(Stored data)
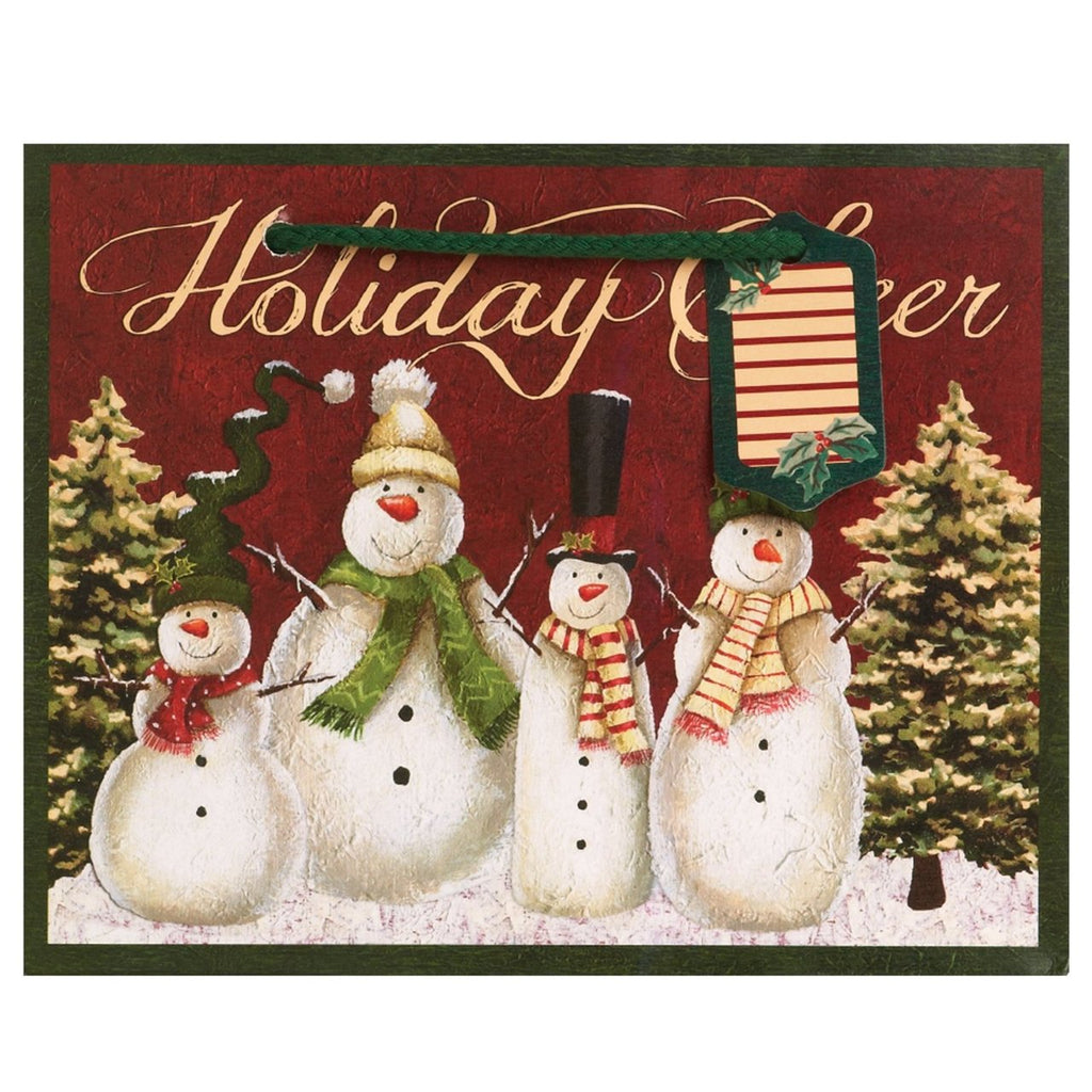 Large Gift Bag Snowman. Spend more time enjoying the holidays and less time wrapping with Jillson Roberts gift bags! The bags measure a very generous 17-1/2 x 14 x 7 Inches, making them a must-have for quickly wrapping large or awkwardly-shaped gifts. Each Jillson Roberts recycled gift bag is made from 100% recycled content which contains 30% post-consumer fiber that is chlorine free using non-toxic bleach. The bags are printed using water-based non-toxic inks and are coated with a special non-toxic UV varnish. All Jillson Roberts gift bags have folded upper edges for added durability and color-coordinated cord or ribbon handles with attached matching die-cut gift tags.
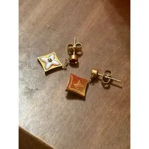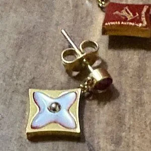 Louis Vuitton 18k Gold & Enamel Flower Drop Earrings Stamped Made In France
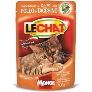 Monge LeChat Cibo Umido per Gatti Adulti Pollo e Tacchino 100 grammi - Bocconcini Morbidi e Gustosi
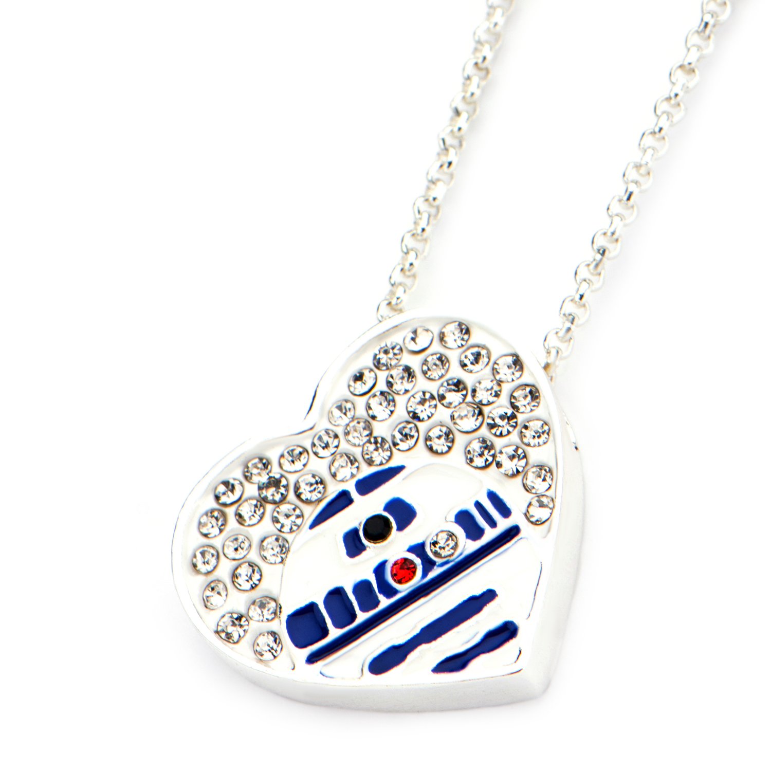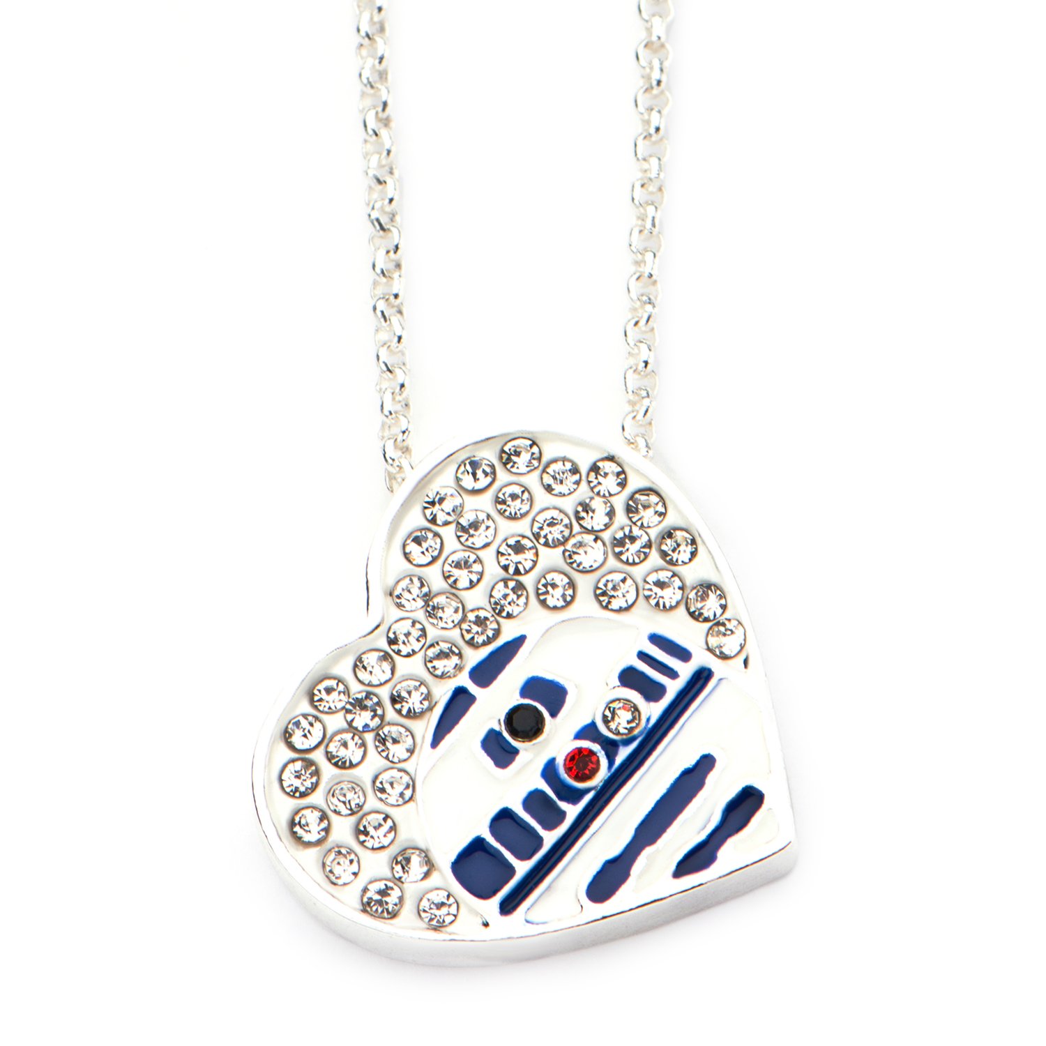 Description Star Wars Jewelry Silver Plated R2-D2 Heart in Genuine Crystals Pendant with Chain Necklace
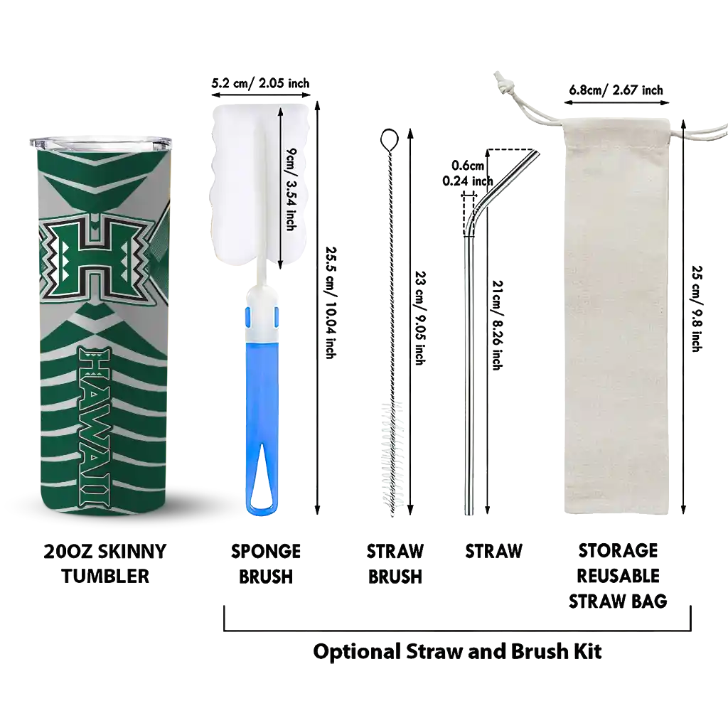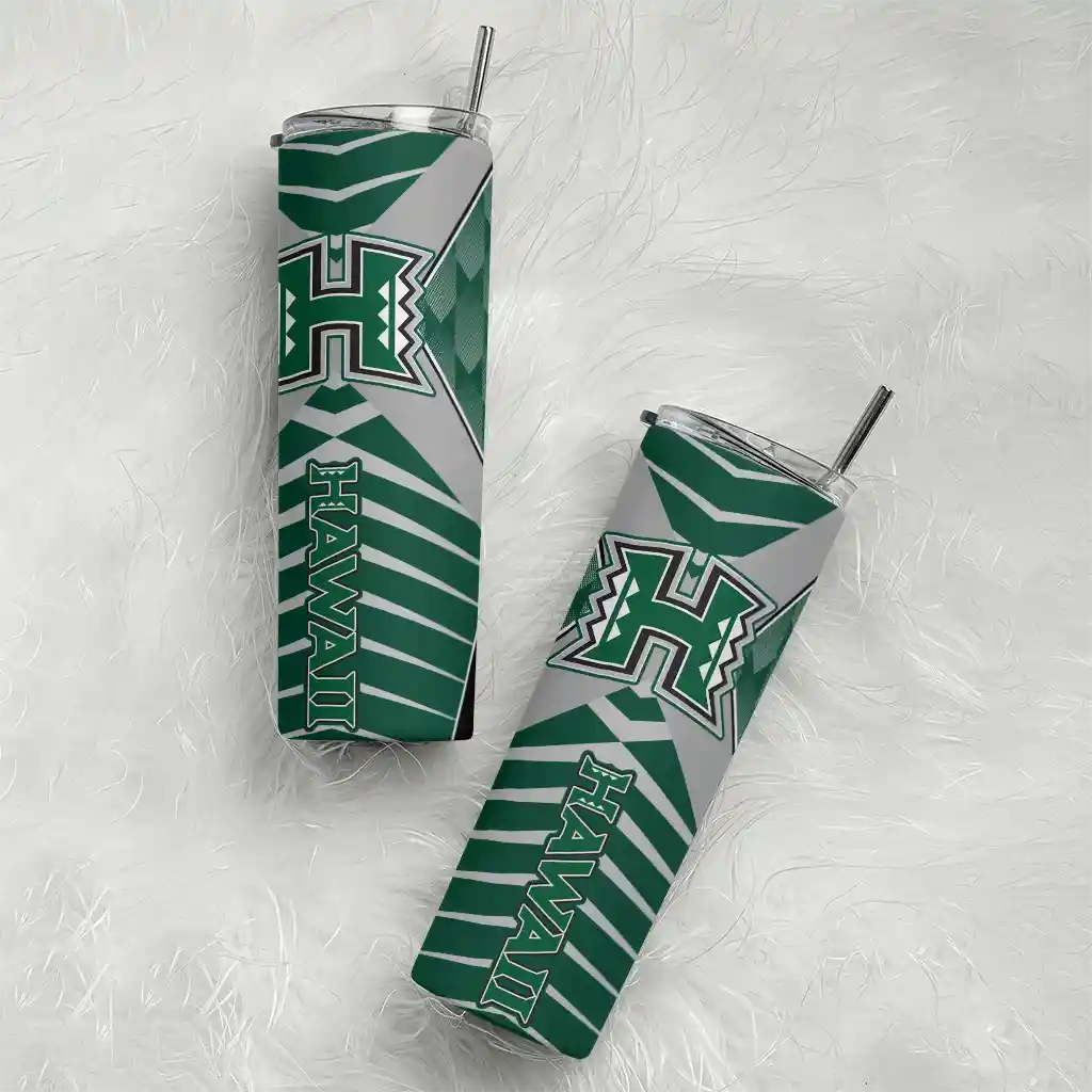 The Custom Hawaii Rainbow Warriors Spiral Burst Print Green Skinny Tumbler tumbler is the perfect way to stay refreshed while showing off your pride for Hawaii Rainbow Warriors. With its double-wall insulation, your drinks stay at the right temperature for hours, whether you're enjoying a hot coffee or keeping your iced drink cold. What's inside? You’ll find 1 stainless steel tumbler, 1 clear lid, and 1 removable straw. It's the perfect blend of function and fan spirit! Ergonomically designed for comfort, made from durable stainless steel, and insulated to maintain your drink’s temperature, this tumbler is a must-have for any dedicated NCAA fan.

## Task instructions
Line by line, write out the entries exactly, and leave the pictures out.

## Result for this task
 Large Gift Bag Snowman. Spend more time enjoying the holidays and less time wrapping with Jillson Roberts gift bags! The bags measure a very generous 17-1/2 x 14 x 7 Inches, making them a must-have for quickly wrapping large or awkwardly-shaped gifts. Each Jillson Roberts recycled gift bag is made from 100% recycled content which contains 30% post-consumer fiber that is chlorine free using non-toxic bleach. The bags are printed using water-based non-toxic inks and are coated with a special non-toxic UV varnish. All Jillson Roberts gift bags have folded upper edges for added durability and color-coordinated cord or ribbon handles with attached matching die-cut gift tags.
 Louis Vuitton 18k Gold & Enamel Flower Drop Earrings Stamped Made In France
 Monge LeChat Cibo Umido per Gatti Adulti Pollo e Tacchino 100 grammi - Bocconcini Morbidi e Gustosi
 Description Star Wars Jewelry Silver Plated R2-D2 Heart in Genuine Crystals Pendant with Chain Necklace
 The Custom Hawaii Rainbow Warriors Spiral Burst Print Green Skinny Tumbler tumbler is the perfect way to stay refreshed while showing off your pride for Hawaii Rainbow Warriors. With its double-wall insulation, your drinks stay at the right temperature for hours, whether you're enjoying a hot coffee or keeping your iced drink cold. What's inside? You’ll find 1 stainless steel tumbler, 1 clear lid, and 1 removable straw. It's the perfect blend of function and fan spirit! Ergonomically designed for comfort, made from durable stainless steel, and insulated to maintain your drink’s temperature, this tumbler is a must-have for any dedicated NCAA fan.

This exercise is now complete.